COTTERAL, Circuit Judge.

The Consolidated Lead & Zinc Company appeals from an adverse judgment rendered upon the verdict of a jury in a suit of Karl Corcoran, a minor, brought by a next friend, to recover damages for personal injuries sustained by him on the premises of the company. The errors assigned are mainly (1) overruling a demurrer to the petition for failure to allege a cause of action, (2) refusal to direct a verdict for the company, and (3) instructions given and refused. We find it necessary to reverse the judgment, because of an instruction relative to damages, but as the other questions now presented will likely arise at another trial, we proceed also to determine them.

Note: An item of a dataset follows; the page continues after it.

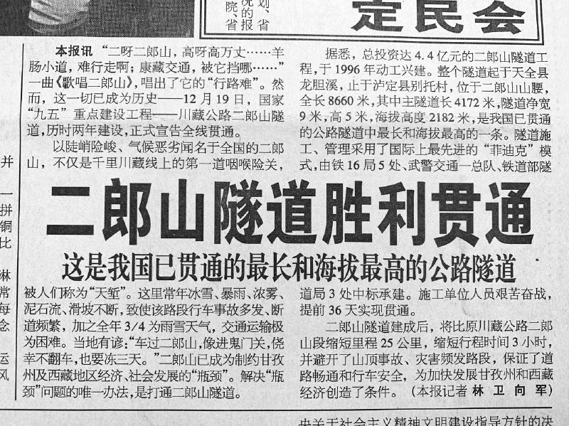 二郎山老路交通瓶頸,影響到甘孜州及西藏地區(qū)經(jīng)濟社會發(fā)展。1996年,二郎山隧道開建,歷時2年,于1998年底貫通。“二郎山隧道當時是全國最長、海拔最高、地質(zhì)最復雜的公路隧道,建設(shè)很不容易?!绷中l(wèi)回憶,當年采訪建設(shè)二郎山隧道的鐵道部隧道局三處和武警交通一總隊時,曾聽聞隧道開挖中遇到的各種危險,一名現(xiàn)場指揮長就曾被卷入洪水,所幸后來死里逃生。

A preliminary averment of the petition is that the company owned at Picher, Okl., a city of 15,000 inhabitants, a mill, transformer house, and other equipment, known as the "Piokee Mine," located one block north of the high school building, passed by a public road long traveled by many inhabitants and used daily by school children. The transformer house, it is alleged, 15 by 20 feet in dimensions, located near and in plain view from the road, was maintained by the company with electrical equipment for the operation of the mine, and for several months before the accident, without fence or guard, with the front and a small side door open, the equipment consisting of rheostats, transformers, and switch connections, attractive and easily accessible to children, exciting their curiosity and interest, without notice it carried a dangerous charge of electricity.

It is alleged that for several months before the accident it had been the custom of the plaintiff and other boys who attended the school and lived in the neighborhood to play around the transformer house and mine, haul refuse from around the house, and to use it and the premises around the mine as a playground, as the company well knew, or could easily have known, and further, on the day of accident there was no day watchman at the mine, and the company had recently cut the wiring in the transformer house, leaving one cord loose and unwrapped on the floor, but connected with the electrical power.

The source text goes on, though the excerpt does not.